Twitter analytics: Tool lets you see which tweets your followers are actually reading.: “Twitter user @bdconf noticed yesterday that logging into analytics.twitter.com brings up a page designed to help you get started advertising on the site. From there, clicking ‘analytics’ in the top menu bar allows you to view things like where your followers are located, who else they tend to follow, and how many people clicked on each of your recent tweets.”

 

Analytical packages are the meat and potatoes of our agency, so we’re excited that more people get a glimpse of what kind of data we work with in dealing with clients.

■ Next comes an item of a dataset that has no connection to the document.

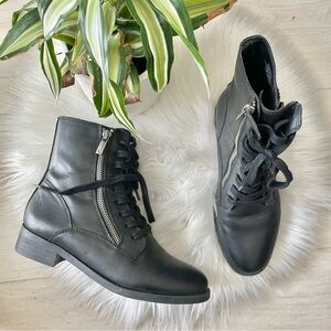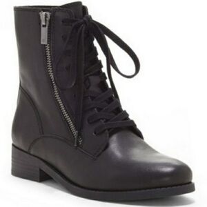 The Lucky Brand Hildran Combat Boot is a city boot in charge with a casual lace up style, dual side zippers, and a stacked low heel. Lace up Side zipper Low heel.

Specifically, Twitter Analytics do three nifty things:

– Help us understand how much website content is being shared across Twitter
– Allow us to see the amount of traffic Twitter sends to our clients’ sites or campaigns
– Measures the effectiveness of sharing buttons etc

Our normal client setup for a Twitter campaign also includes implementation with the awesome ThinkUp stats app (which goes much deeper into the data than Twitter Analtyics) as well as a custom shortened URL and stats flow through bitly. Of course, we tie that altogether with Google Analytics.

Facebook Adds Hashtags

Hashtags were “invented” or proposed for Twitter users way back in 2007 when we were still trying to figure out how Twitter worked and might work better. The hashtag caught on and has become an accepted part of global culture from uprisings to Super Bowls.

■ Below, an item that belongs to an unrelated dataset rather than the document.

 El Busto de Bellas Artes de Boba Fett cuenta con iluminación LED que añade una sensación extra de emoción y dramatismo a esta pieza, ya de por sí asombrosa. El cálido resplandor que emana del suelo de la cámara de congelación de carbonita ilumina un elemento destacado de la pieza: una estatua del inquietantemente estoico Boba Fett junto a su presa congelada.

It’s no surprise to see the hashtag become part of the Facebook platform, and it would serve those of us using Facebook for marketing to make sure that we’re using hashtags to their optimal state in our campaigns:

Facebook Copies Twitter Again, Adds Hashtags: “Facebook today announced that it is bringing hashtags to its service, letting users add context to a post, indicate that it is part of a larger discussion, as well as discover shared interests. The company says hashtags have become ‘a vital part of popular culture’ and since it has seen users using them on the social network organically, it has decided to actually implement the feature.”

I’m excited to see what types of interactions this will open up with more users, especially in terms of discovery marketing.

This is potentially huge for advertisers.